═════ DATA RECORDS
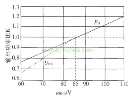 PD ,η, Po 关系曲线均对交流输入电压的最小值进行了限制,umin = 85 V.如果交流输入电压最小值不符合上述的要求,就会直接影响芯片的正确选择。此时必须从实际的交流输入电压u? min最小值对应的功率P''o 折算成umin为规定值时的等效功率Po,才能使用上面的图。功率修正的方法如下: 选择使用的特性曲线,然后根据已知的u''min值查出折算系数K;将P ''o折算成umin为规定值时的等效功率Po,表达公式P o=P''o / K;然后从图3、图4 中选用适当的关系曲线。
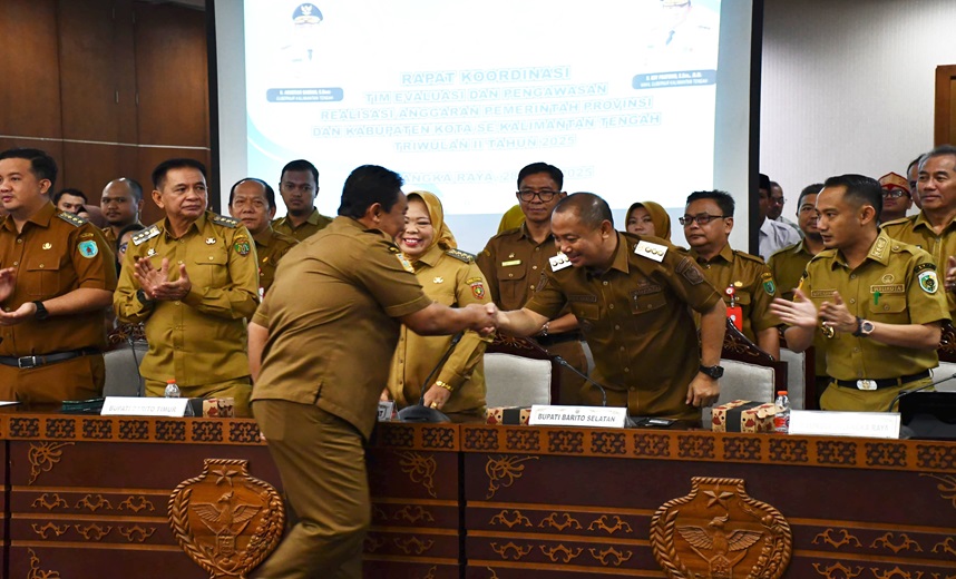 MMCKalteng - Palangka Raya - Bupati Barito Selatan, H. Eddy Raya Samsuri menghadiri Rapat Evaluasi dan Pengawasan Realisasi Anggaran (TEPRA) Triwulan II Tahun 2025 yang diselenggarakan oleh Pemerintah Provinsi (Pemprov) Kalimantan Tengah (Kalteng) di Aula Eka Hapakat Lantai 3, Kantor Gubernur Kalteng, Jalan RTA Milono No. 01 Palangka Raya, Senin (28/7/2025).
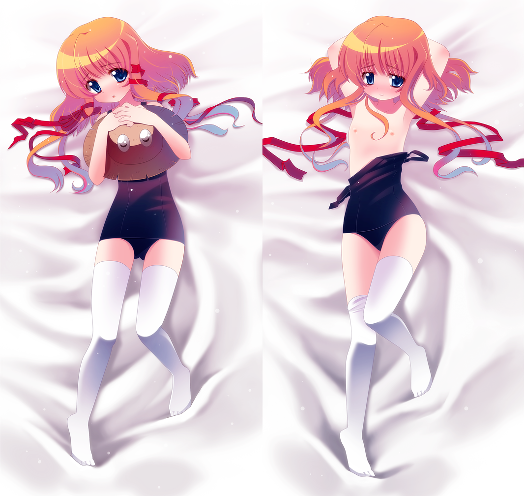 1girlarms behind headblue eyesblushclothes pulldakimakura (medium)feetfemale focusflat chesthair ribbonhatlolilong hairlyingmultiple viewson backone-piece swimsuitone-piece swimsuit pullorange hairribbonschool swimsuitswimsuitthighhighsundressingwhite thighhighs
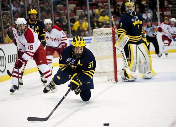 Michigan freshman right wingman Andrew Copp tracks down a puck in the game against Miami on Saturday, March 23. Daniel Brenner I AnnArbor.com /calendar/photologue/photos/_UM Beats Miami Hockey/cache/03212013_SPT_UM_Miami_Hockey_DJB_0640_fullsize.JPG
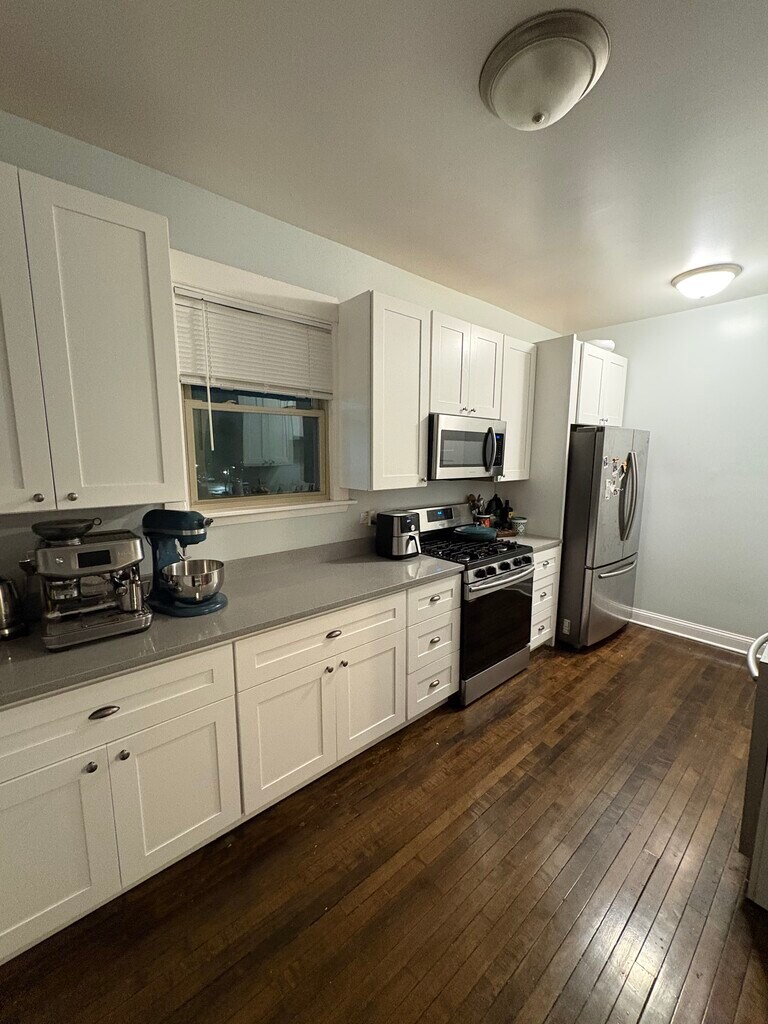 Gut rehabbed a few years ago, a two-bedroom condo-quality apartment for rent in Irving Park, Chicago, in a beautiful brick four-flat building with a center entrance. The pictures don't do it justice. The apartment has central air/ac and Nest thermostat, contemporary kitchens with stainless steel appliances, 42" solid wood shaker cabinets, quartz countertops, and stainless appliances, including a dishwasher. Also, new electric and plumbing. The floors are gorgeous, as are the kitchen and bathroom. Bedrooms are a good size, master can fit a king. Large living room with sun porch, separate dining room, new baths, finished dark hardwood floors Huge yard! Storage and free laundry in basement, back decks, and huge yard for gardening and grilling. Sorry, no dogs, but cats welcome. This apartment for rent is near Montrose Saloon, Templestowe bar, Ravenswood Manor, four blocks to Brown Line. Great neighborhood. Close to Cermak Fresh Market and Walgreens. Short walk to beautiful Horner Park! Easy street parking.
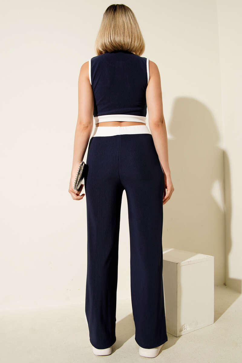 Metal Düğmeli Kolsuz Kaşkorse İkili Takım Lacivert
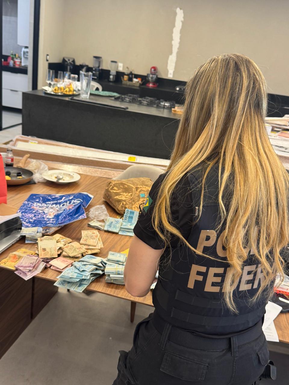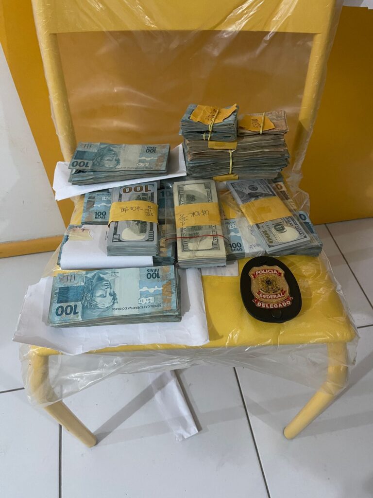 Em vários locais de busca, foi apreendida expressiva quantidade de dinheiro em espécie, em moeda nacional e estrangeira, além de 02 armas de fogo.
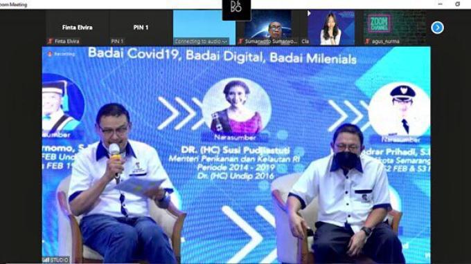 Tampil sejumlah narasumber antara lain, Prof Dr Suharnomo Dekan FEB Undip; Susi Pudjiastuti, Mantan Menteri Kelautan dan Perikanan; Hendrar Prihadi Walikota Semarang; Vicky Simanjuntak, Policy Advisor Kemenkop UKM, dan dr Clarin Hayes (dokter dan youtuber).
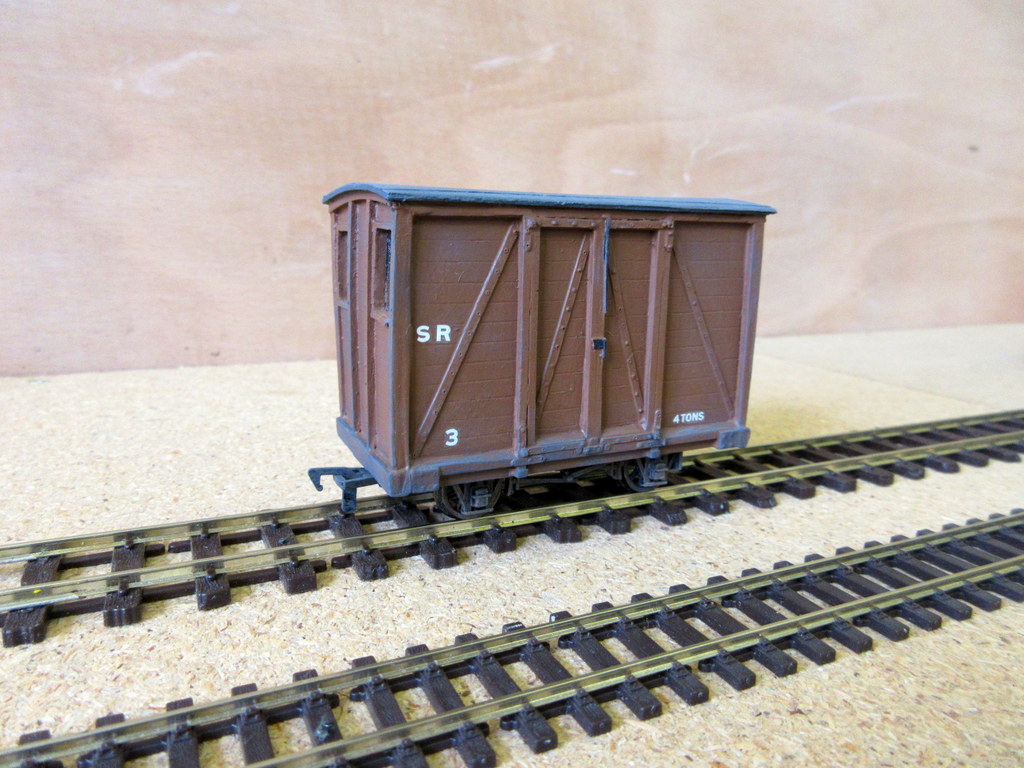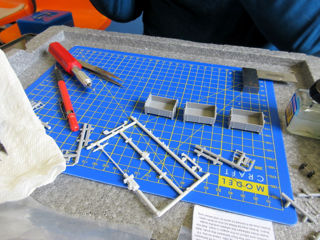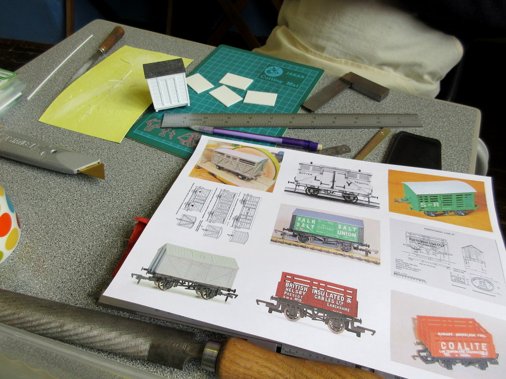 009 Society wagon kits being built by Richard Doe for his “manure train” in 009
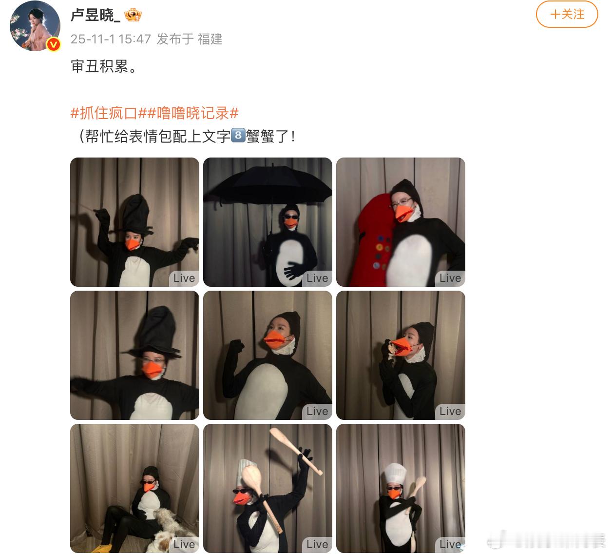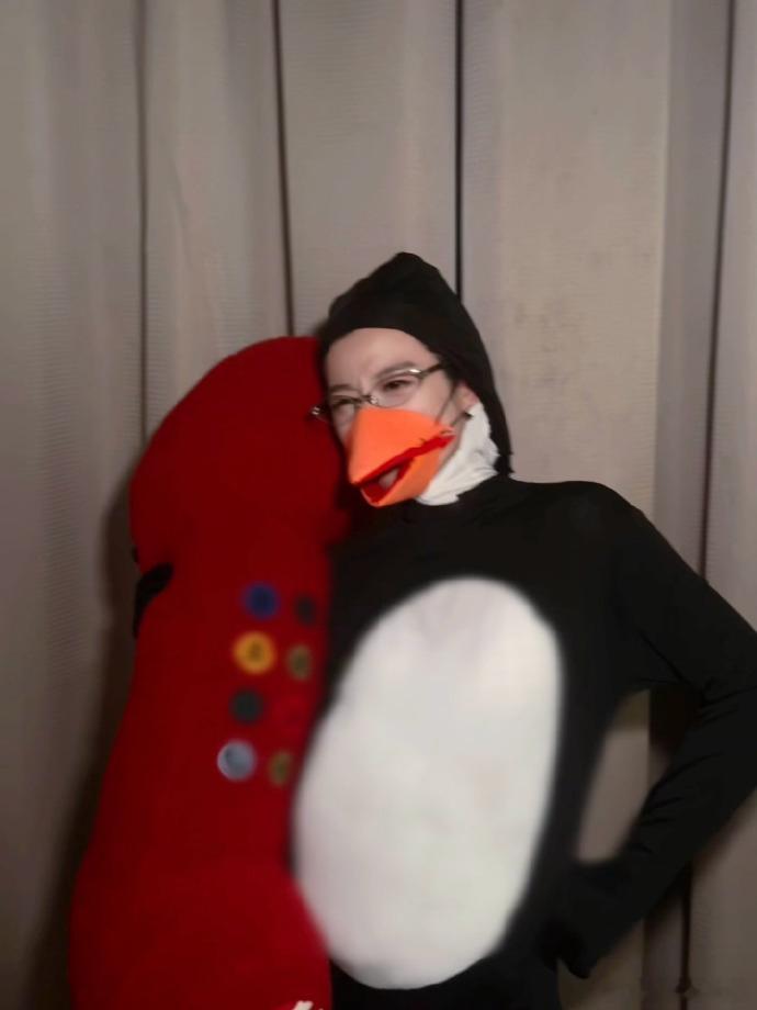 卢昱晓cos表情包企鹅 卢昱晓cos了最近很火的表情包企鹅,调侃“审丑积累”,哈哈哈哈哈哈好抽象!
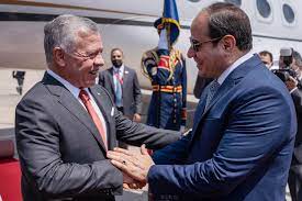 وكالة الناس – وصل جلالة الملك عبدالله الثاني، يرافقه سمو الأمير الحسين بن عبدالله الثاني ولي العهد، اليوم الأحد، إلى القاهرة.
══════════
GOAL OF THE EXERCISE: Exact reproduction is required for the lines from the one containing "009 Society wagon" through the end of the material, and for those lines only, without pictures.

THE COMPLETED TASK:
 009 Society wagon kits being built by Richard Doe for his “manure train” in 009
 卢昱晓cos表情包企鹅 卢昱晓cos了最近很火的表情包企鹅,调侃“审丑积累”,哈哈哈哈哈哈好抽象!
 وكالة الناس – وصل جلالة الملك عبدالله الثاني، يرافقه سمو الأمير الحسين بن عبدالله الثاني ولي العهد، اليوم الأحد، إلى القاهرة.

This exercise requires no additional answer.